## YOUR TASK
Take the entries below and reproduce exactly the portion that begins at the line containing "Samlet set viste" and ends at the line containing "盈利能力方面, 2025年前", keeping both ends, dropping pictures, and adding nothing else.

## INFORMATION GIVEN
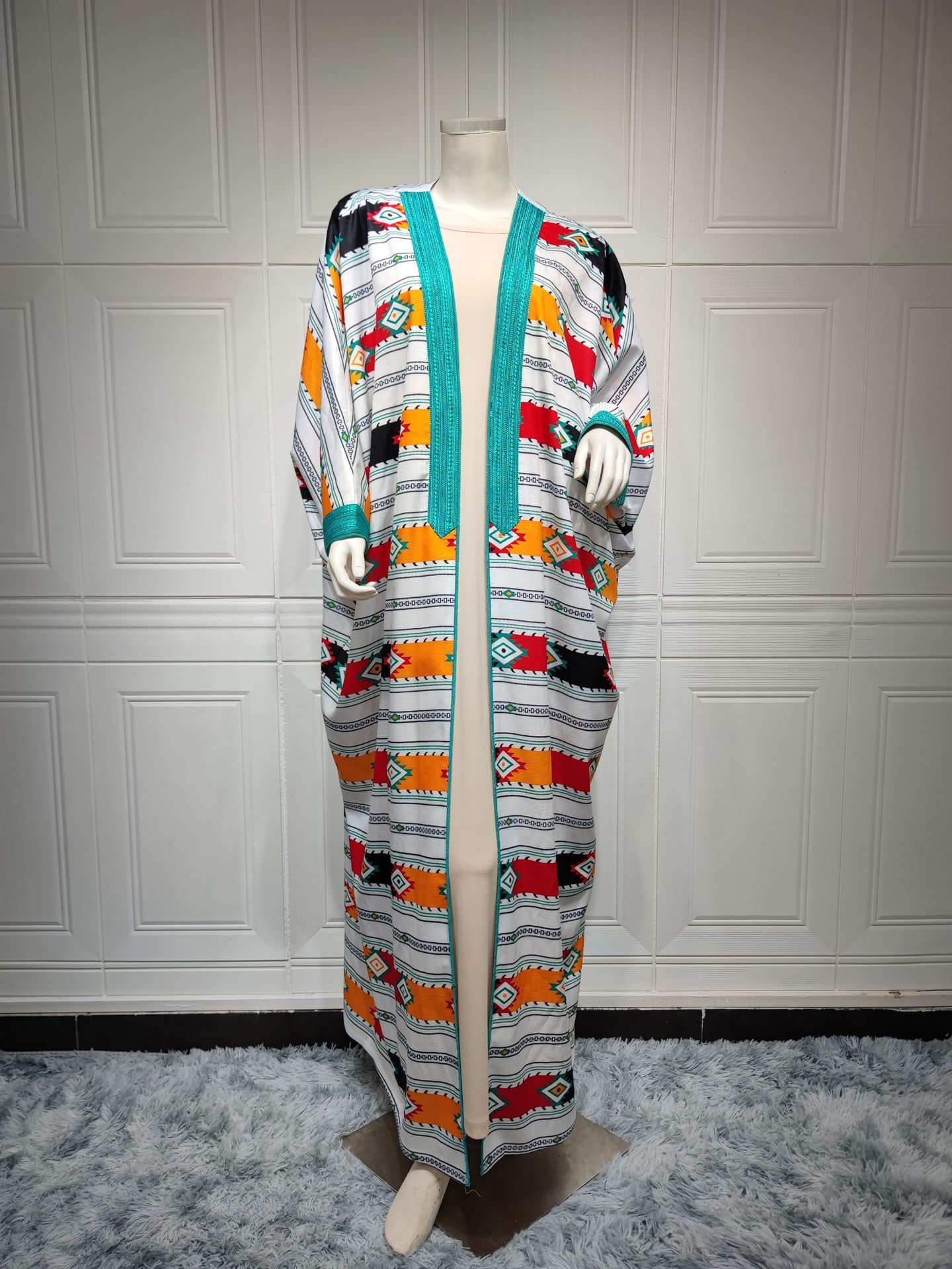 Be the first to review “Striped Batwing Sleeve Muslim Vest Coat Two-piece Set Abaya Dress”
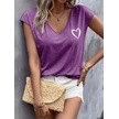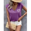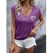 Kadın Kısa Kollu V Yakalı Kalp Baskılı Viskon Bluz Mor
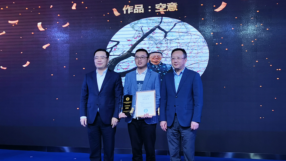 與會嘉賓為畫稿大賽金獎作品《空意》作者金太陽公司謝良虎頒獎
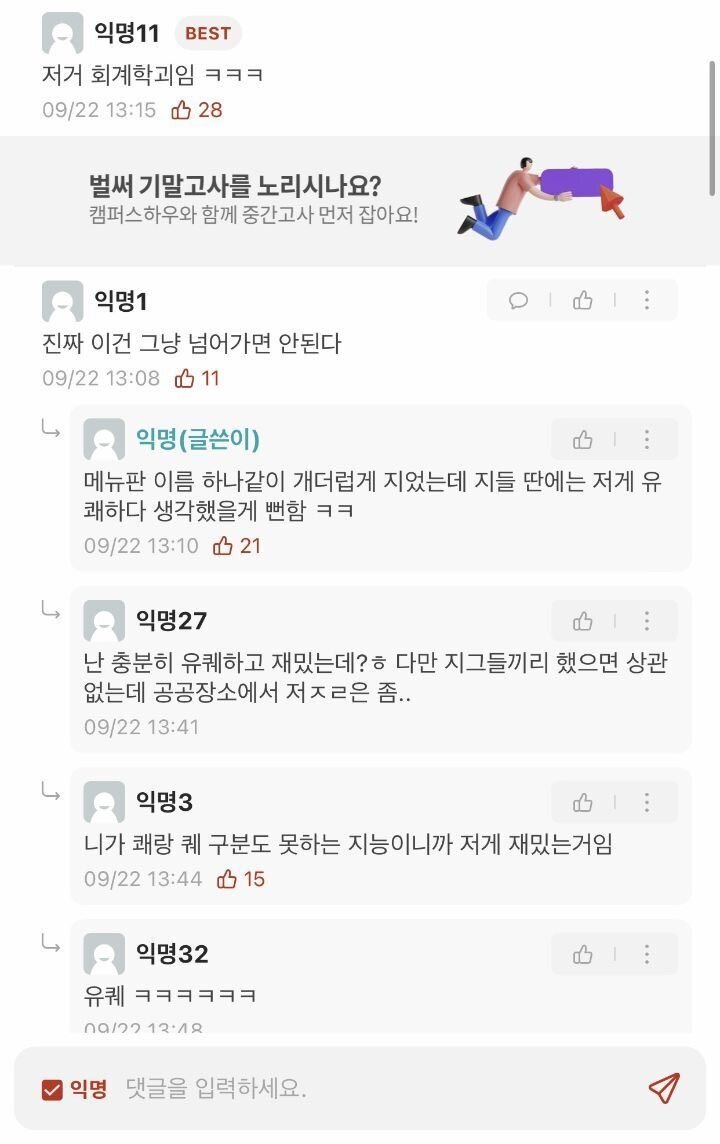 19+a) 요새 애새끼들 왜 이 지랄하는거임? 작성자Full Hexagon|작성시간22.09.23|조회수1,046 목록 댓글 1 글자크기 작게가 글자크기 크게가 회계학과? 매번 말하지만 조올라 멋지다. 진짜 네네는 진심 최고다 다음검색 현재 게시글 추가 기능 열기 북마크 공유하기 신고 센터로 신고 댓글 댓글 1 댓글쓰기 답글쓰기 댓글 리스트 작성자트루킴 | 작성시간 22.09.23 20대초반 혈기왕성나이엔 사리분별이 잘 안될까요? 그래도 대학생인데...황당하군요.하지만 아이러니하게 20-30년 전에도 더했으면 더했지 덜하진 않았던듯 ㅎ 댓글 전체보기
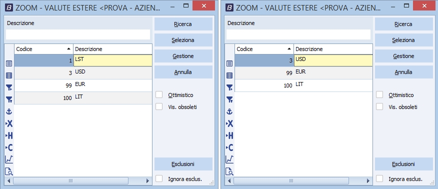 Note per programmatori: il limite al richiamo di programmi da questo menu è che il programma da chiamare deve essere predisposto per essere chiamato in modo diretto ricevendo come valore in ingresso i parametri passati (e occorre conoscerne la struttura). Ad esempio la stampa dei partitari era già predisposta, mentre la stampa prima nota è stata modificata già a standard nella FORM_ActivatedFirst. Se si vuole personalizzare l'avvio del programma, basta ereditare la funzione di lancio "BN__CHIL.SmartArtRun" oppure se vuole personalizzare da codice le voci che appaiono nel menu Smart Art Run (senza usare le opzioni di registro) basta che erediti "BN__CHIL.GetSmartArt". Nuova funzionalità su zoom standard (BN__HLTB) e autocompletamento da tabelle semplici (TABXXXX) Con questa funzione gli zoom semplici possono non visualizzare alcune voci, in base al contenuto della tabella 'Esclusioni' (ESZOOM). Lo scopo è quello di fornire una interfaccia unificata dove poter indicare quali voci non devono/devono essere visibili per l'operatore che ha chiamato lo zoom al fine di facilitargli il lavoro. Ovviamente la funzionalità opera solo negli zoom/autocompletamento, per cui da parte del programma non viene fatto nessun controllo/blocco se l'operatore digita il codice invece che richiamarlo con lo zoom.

==

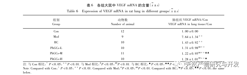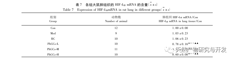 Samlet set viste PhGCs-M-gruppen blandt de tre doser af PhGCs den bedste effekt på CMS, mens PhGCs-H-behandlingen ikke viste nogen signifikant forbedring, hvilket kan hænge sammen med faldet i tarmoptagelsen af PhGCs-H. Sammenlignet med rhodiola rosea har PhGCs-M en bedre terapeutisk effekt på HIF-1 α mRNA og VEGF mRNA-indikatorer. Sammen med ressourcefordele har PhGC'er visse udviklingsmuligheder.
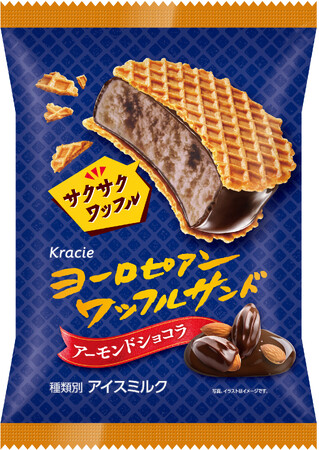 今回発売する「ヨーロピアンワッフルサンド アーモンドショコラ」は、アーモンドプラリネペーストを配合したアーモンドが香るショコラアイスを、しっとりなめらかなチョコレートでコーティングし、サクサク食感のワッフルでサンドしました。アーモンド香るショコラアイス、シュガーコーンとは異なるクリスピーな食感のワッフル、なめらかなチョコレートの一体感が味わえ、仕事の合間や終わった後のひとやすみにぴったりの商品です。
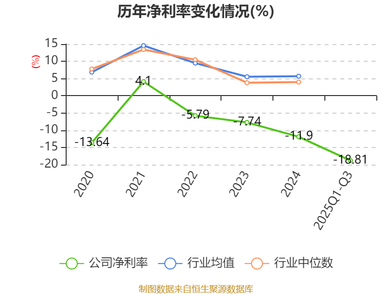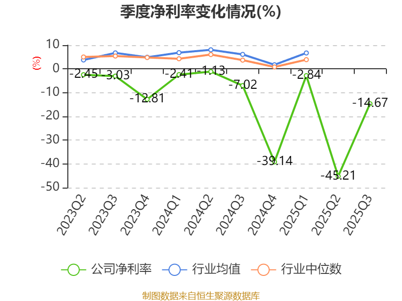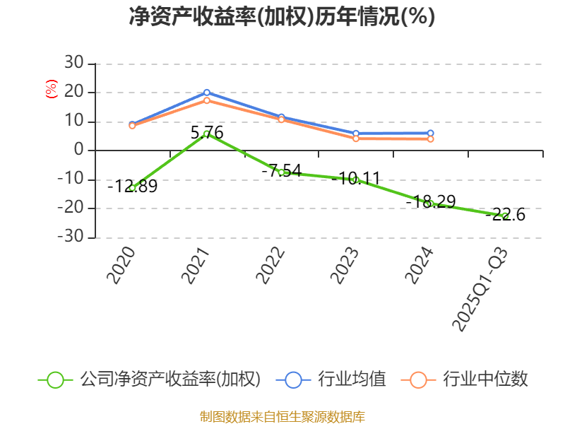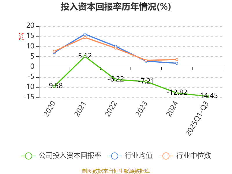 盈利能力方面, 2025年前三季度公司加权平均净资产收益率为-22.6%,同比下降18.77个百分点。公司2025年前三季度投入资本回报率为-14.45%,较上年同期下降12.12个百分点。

## ANSWER SPACE
 Samlet set viste PhGCs-M-gruppen blandt de tre doser af PhGCs den bedste effekt på CMS, mens PhGCs-H-behandlingen ikke viste nogen signifikant forbedring, hvilket kan hænge sammen med faldet i tarmoptagelsen af PhGCs-H. Sammenlignet med rhodiola rosea har PhGCs-M en bedre terapeutisk effekt på HIF-1 α mRNA og VEGF mRNA-indikatorer. Sammen med ressourcefordele har PhGC'er visse udviklingsmuligheder.
 今回発売する「ヨーロピアンワッフルサンド アーモンドショコラ」は、アーモンドプラリネペーストを配合したアーモンドが香るショコラアイスを、しっとりなめらかなチョコレートでコーティングし、サクサク食感のワッフルでサンドしました。アーモンド香るショコラアイス、シュガーコーンとは異なるクリスピーな食感のワッフル、なめらかなチョコレートの一体感が味わえ、仕事の合間や終わった後のひとやすみにぴったりの商品です。
 盈利能力方面, 2025年前三季度公司加权平均净资产收益率为-22.6%,同比下降18.77个百分点。公司2025年前三季度投入资本回报率为-14.45%,较上年同期下降12.12个百分点。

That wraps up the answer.